> [Try it]: Repeat the records below exactly as they appear, leaving out any pictures.

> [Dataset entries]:
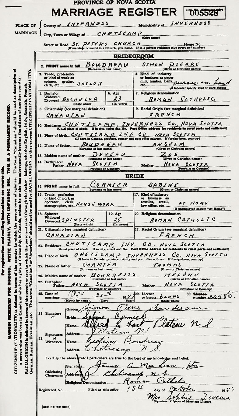24. Place of birth Cheticamp, Inverness County, Nova Scotia
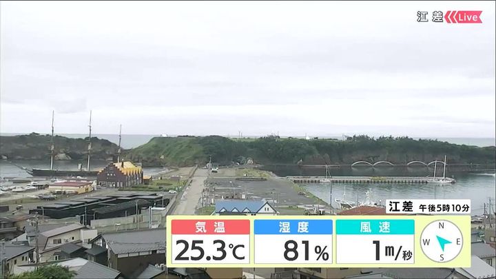 背景は6日午後5時ごろの江差情報カメラ
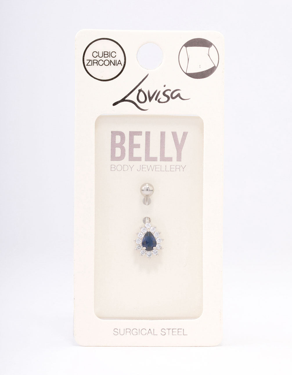 - This belly piercing features a cubic zirconia, pear-shaped crystal — perfect for adding a hint of glamour to your look.
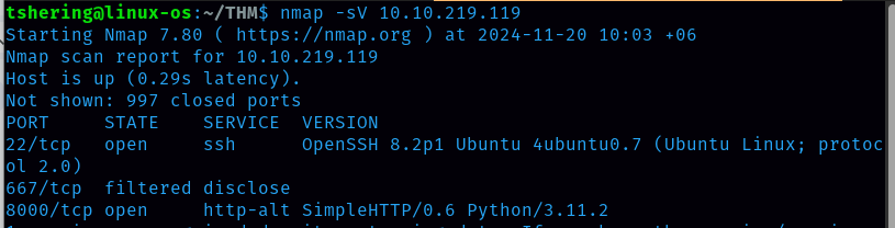 I discovered 2 open ports: 22(ssh) and 8000(SimpleHTTP/0.6 Python/3.11.2). let’s check the website with port 8000.
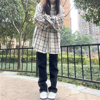 YF6381-(2色入内)时尚小外套短款长袖POLO领复古格子宽松大码百搭上衣
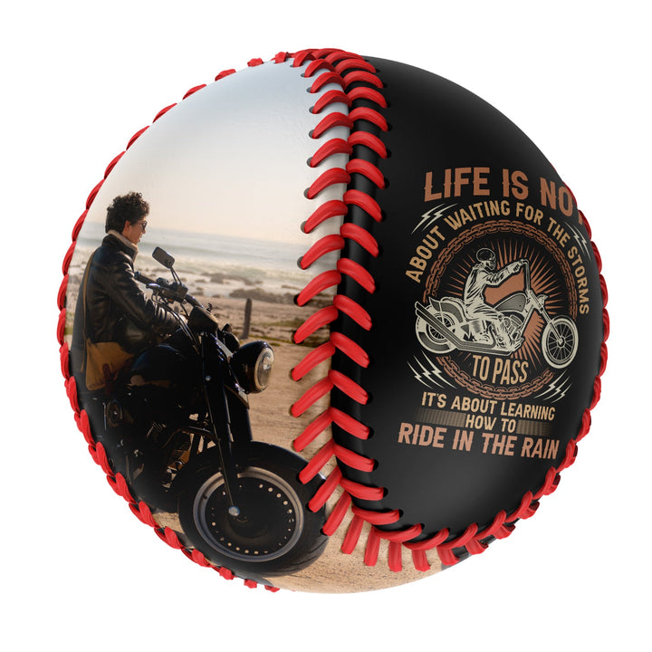 Custom Black Ride in the Rain Motorcycle Photo Baseballs
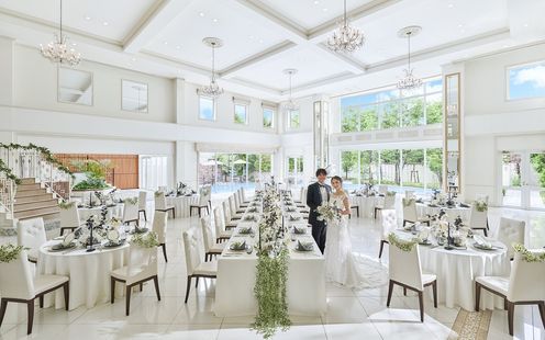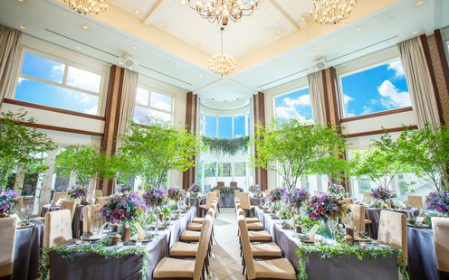 吹抜けの大空間にシャンデリアが輝き、大きな窓からガーデンの眺めと自然光を贅沢に採り込んだ「アルトゥーラ」。2階からスポットライトがあたる中、まるでプリンセスのような階段入場が叶います。LEDビジョンやオープンキッチン付きなのも魅力!さらにガラス張りのインナーガーデンでの生演奏や、プールサイドで乾杯など映画のようなシーンも思いのままに。
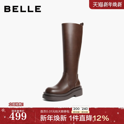 百丽厚底高长骑士弹力靴女2025冬季新款显瘦长筒靴子B2916DG5
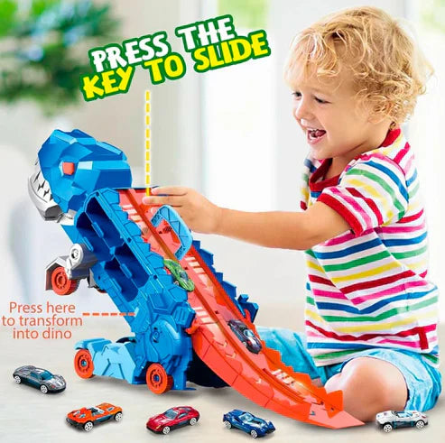 Transport Dinosaur Truck with Foldable Sliding 25-Inch Race Track, Transforms into Standing T-rex, Stores 12 1:64 Die-cast Toy Cars, Toys for 3 4 5 6 7 8 Years Old Kids Boys&Girls.
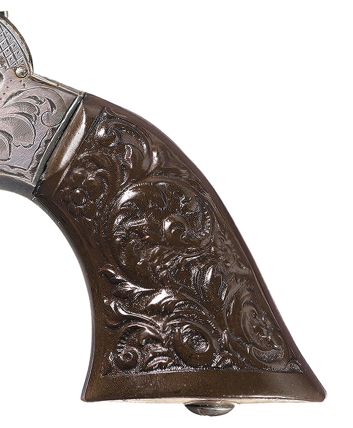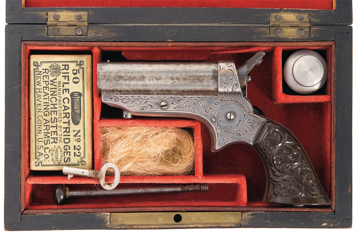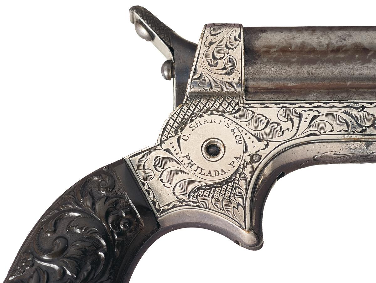 Made between 1859 and 1874. The sides and bottom of the frame feature scroll factory engraving, with a geometric pattern at the rear of the frame. The barrels are brown striped in an irregular pattern like on some Henry Philadelphia Derringers (same city of manufacture, probably same people). The left side of the frame is marked "C. SHARPS / PATENT 1859" and the right side "C SHARPS & Co. / PHILADA, PA". Blue barrels, silver plated frame and fitted with floral carved Gutta Percha grips. The bottom of the barrel is numbered "39085". Complete with a partitioned hardwood case with red velvet lining, oiler, cleaning rod and a 50 count box of Winchester Repeating Arms Co. 22 short bullets.
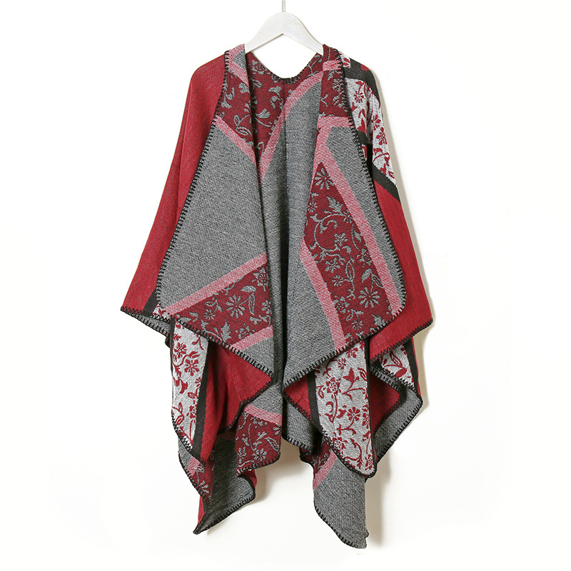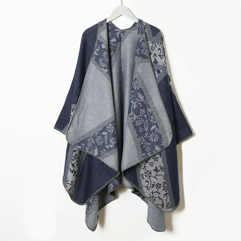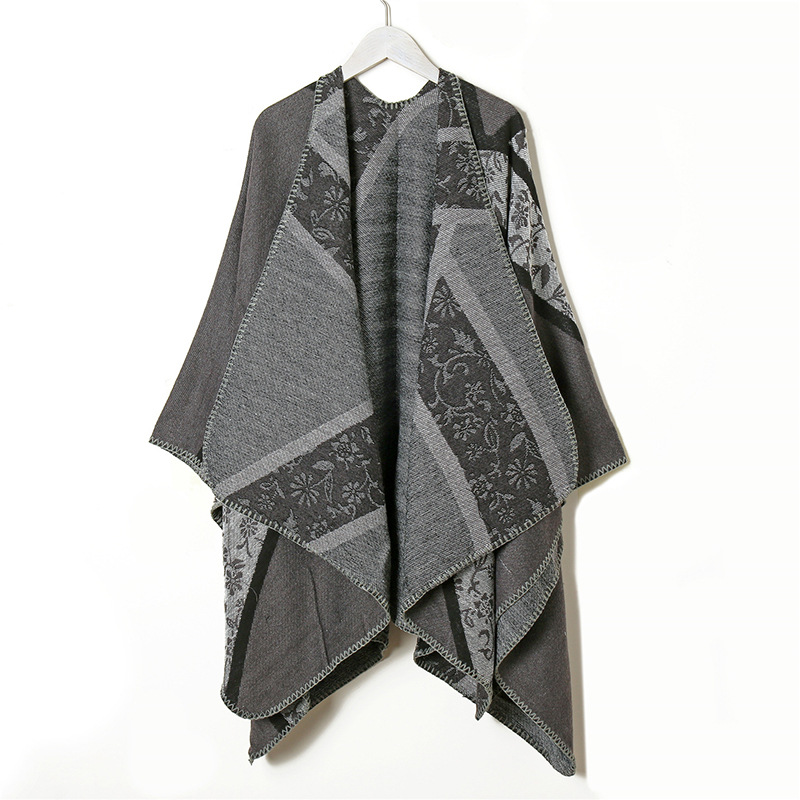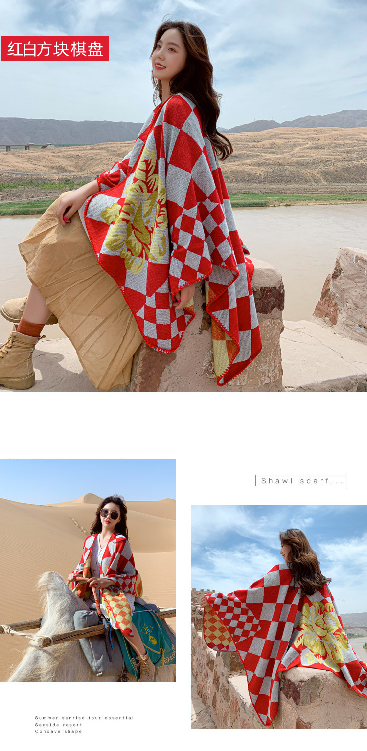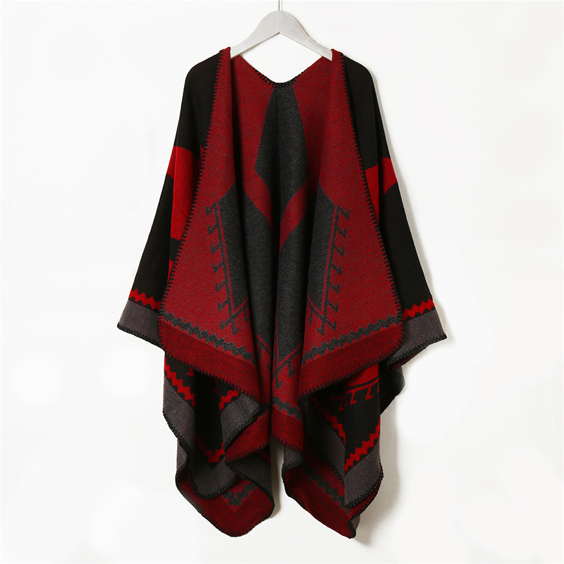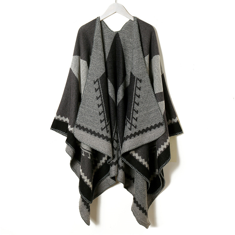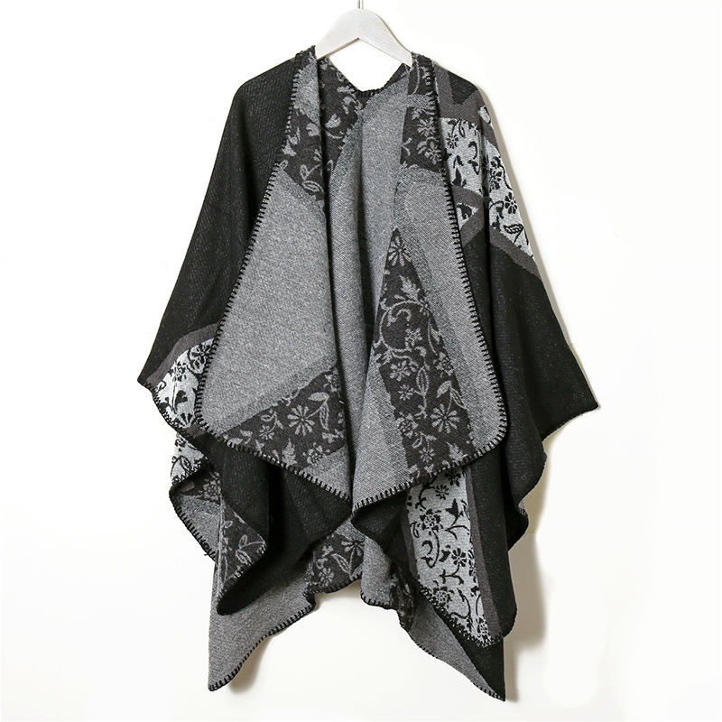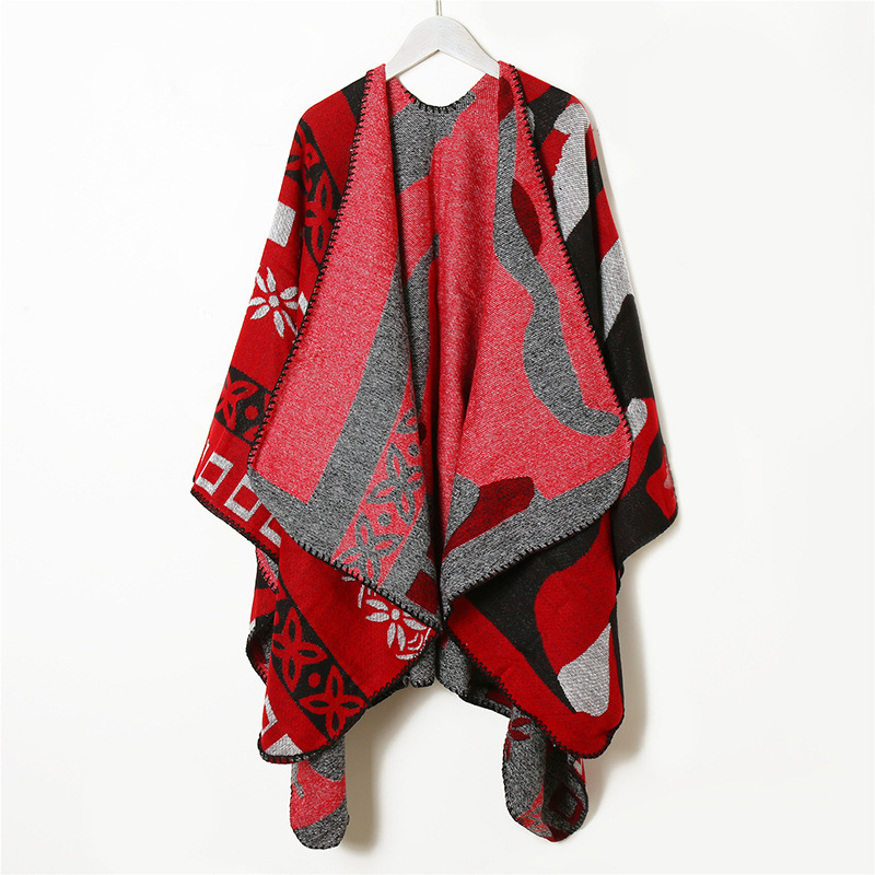레저 여행 사진 올매치 대형 숄 야외 휴가 핀 인 개성 인쇄 에스닉 스타일 따뜻한 아우터 케이프
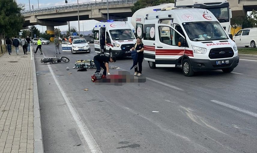 Afyonkarahisar merkez Konya köprülü kavşakta meydana gelen kazada, Ü.K. idaresindeki 43 AFP 883 plakalı tır, kavşakta seyir halindeki O.S.E.'nin kullandığı 03 ADL 504 plakalı motosiklete çarptı.
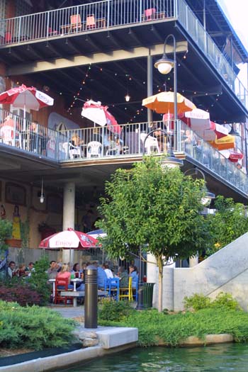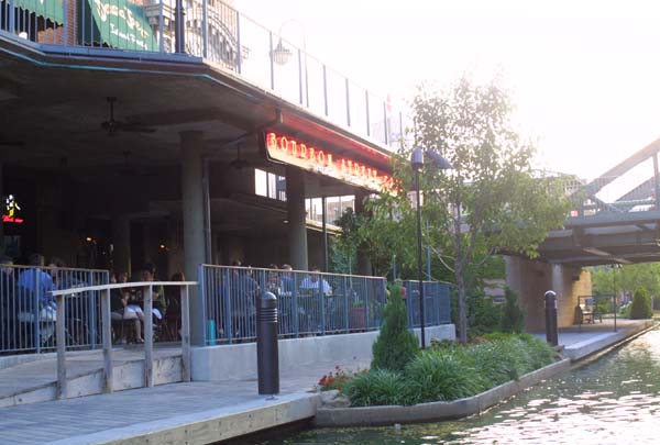 My first views of the canals of Oklahoma City. I had not known that such a thing existed. Above, is a view from street level. To the left is a view of the main landing/entrance, to the canal barges.
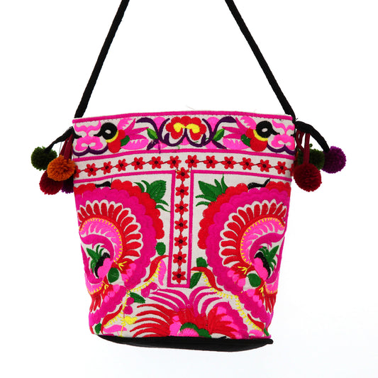 【タイ製】少数民族の刺繍バッグ(ピンク)
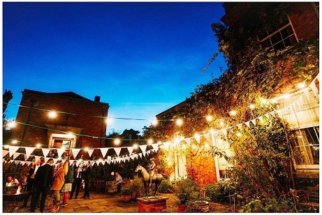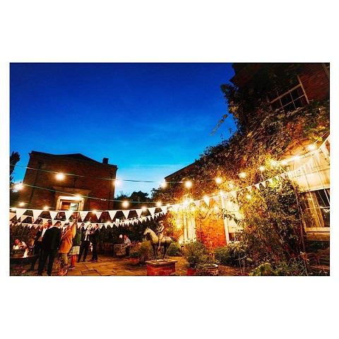 £95 per weekend for 70m including installation/maintenance for mounting the lights, for example across the courtyard at Walcot Hall (as pictured below).
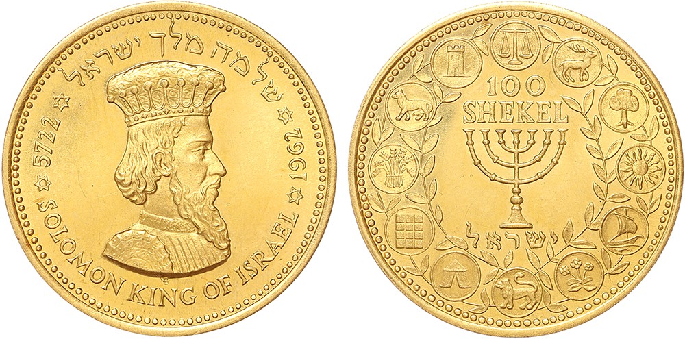 Israël. 100 Shekel gold 1962. Solomon King of Israël. UNC.

> [Result for this exercise]:
24. Place of birth Cheticamp, Inverness County, Nova Scotia
 背景は6日午後5時ごろの江差情報カメラ
 - This belly piercing features a cubic zirconia, pear-shaped crystal — perfect for adding a hint of glamour to your look.
 I discovered 2 open ports: 22(ssh) and 8000(SimpleHTTP/0.6 Python/3.11.2). let’s check the website with port 8000.
 YF6381-(2色入内)时尚小外套短款长袖POLO领复古格子宽松大码百搭上衣
 Custom Black Ride in the Rain Motorcycle Photo Baseballs
 吹抜けの大空間にシャンデリアが輝き、大きな窓からガーデンの眺めと自然光を贅沢に採り込んだ「アルトゥーラ」。2階からスポットライトがあたる中、まるでプリンセスのような階段入場が叶います。LEDビジョンやオープンキッチン付きなのも魅力!さらにガラス張りのインナーガーデンでの生演奏や、プールサイドで乾杯など映画のようなシーンも思いのままに。
 百丽厚底高长骑士弹力靴女2025冬季新款显瘦长筒靴子B2916DG5
 Transport Dinosaur Truck with Foldable Sliding 25-Inch Race Track, Transforms into Standing T-rex, Stores 12 1:64 Die-cast Toy Cars, Toys for 3 4 5 6 7 8 Years Old Kids Boys&Girls.
 Made between 1859 and 1874. The sides and bottom of the frame feature scroll factory engraving, with a geometric pattern at the rear of the frame. The barrels are brown striped in an irregular pattern like on some Henry Philadelphia Derringers (same city of manufacture, probably same people). The left side of the frame is marked "C. SHARPS / PATENT 1859" and the right side "C SHARPS & Co. / PHILADA, PA". Blue barrels, silver plated frame and fitted with floral carved Gutta Percha grips. The bottom of the barrel is numbered "39085". Complete with a partitioned hardwood case with red velvet lining, oiler, cleaning rod and a 50 count box of Winchester Repeating Arms Co. 22 short bullets.
레저 여행 사진 올매치 대형 숄 야외 휴가 핀 인 개성 인쇄 에스닉 스타일 따뜻한 아우터 케이프
 Afyonkarahisar merkez Konya köprülü kavşakta meydana gelen kazada, Ü.K. idaresindeki 43 AFP 883 plakalı tır, kavşakta seyir halindeki O.S.E.'nin kullandığı 03 ADL 504 plakalı motosiklete çarptı.
 My first views of the canals of Oklahoma City. I had not known that such a thing existed. Above, is a view from street level. To the left is a view of the main landing/entrance, to the canal barges.
 【タイ製】少数民族の刺繍バッグ(ピンク)
 £95 per weekend for 70m including installation/maintenance for mounting the lights, for example across the courtyard at Walcot Hall (as pictured below).
 Israël. 100 Shekel gold 1962. Solomon King of Israël. UNC.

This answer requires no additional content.